It might help to connect the back part of the top to the car at this point. 

Bear in mind that you can NEVER fold an MGB hood while the rear is hooked to the car. It will stress the seams of the top and you will put a permanent kink right in the middle of the rear quarter windows. While installing the top, you will get very good at hooking and unhooking the back of the top. Once you know how an MGB top goes on and off, you can help spread the Good Word to keep others from damaging theirs. :-)

The anchor bar should have a slight concave shape to match the deck of the car. Its easy to bend, so take this last chance to get it right. Slide the anchor bar into its slot in the back corner of the top, tapered edge facing the rear. Work it all the way across through the top keeping it up over the folded internal seams until the free end is able to be slipped in, then work it back from the other end so that it ends up centered. The bar should be on top of the internal flaps, not peeking out the corners. 

Fit the rear edge of the top to the car, sliding the anchor back into the two chrome brackets. From either corner behind the doors, pull the lower edge of the top forward so that the stainless tongues can slip into the stainless sockets on the car. Only now can you snap the Lift-the-Dot snaps onto their studs, four on each side. With a new top, you may have to pull rather hard to get all the LTDs to line up. This is OK, the top is tough and has more ability to stretch than you think it does. After its been on your car for a while, it will change shape to fit your car, just like your favorite jeans.

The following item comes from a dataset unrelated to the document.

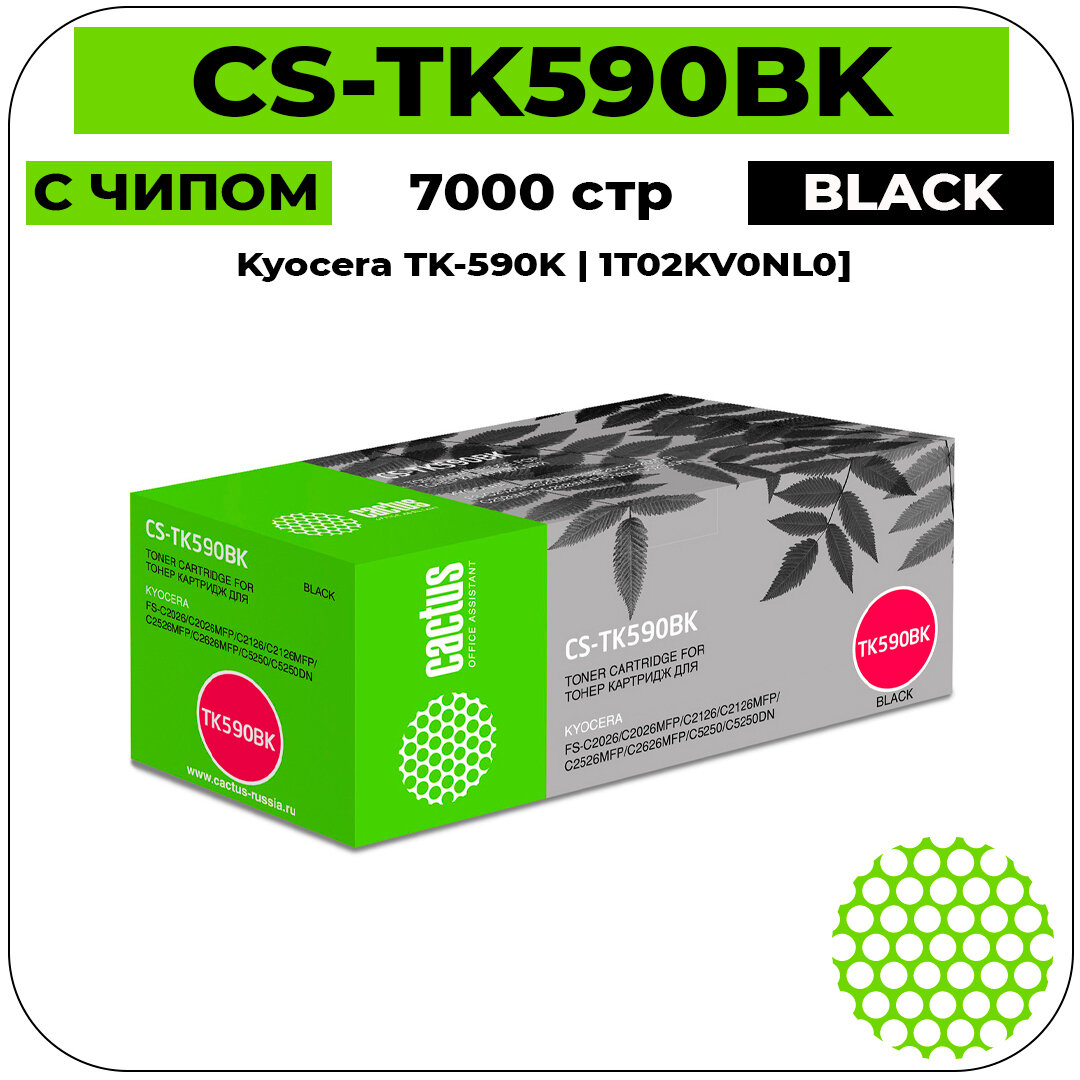 Тонер-картридж CACTUS (CS-TK590BK) для KYOCERA FS-C2026MFP/2126MFP/2626MFP, черный, ресурс 7000 стр.

Reach up inside the top and move the rear bow so that it lays in the seam above the window. Don’t worry about the thin listing material at this time, just make sure the bow is in place.

With the door windows rolled down, pull the top material forwards so that you can see how it will fit on the car. It might help to sit inside the car to see how it must fit. Look at the frontmost corner of the flap that hangs over the window. There is a bound tab sticking forward at the innermost edge. This will take a DOT snap and connect to the stud at the top of the windshield post. Outboard of this tab, there is a double-thick section that has a little scalloped cut at the front edge (this is important) and a sewn longitudinal corner. Outboard of that is the drip rail tapering down at the front end to a single bound edge. The way that this Great Conjunction of Stuff fits at the outer corner of the header is key. 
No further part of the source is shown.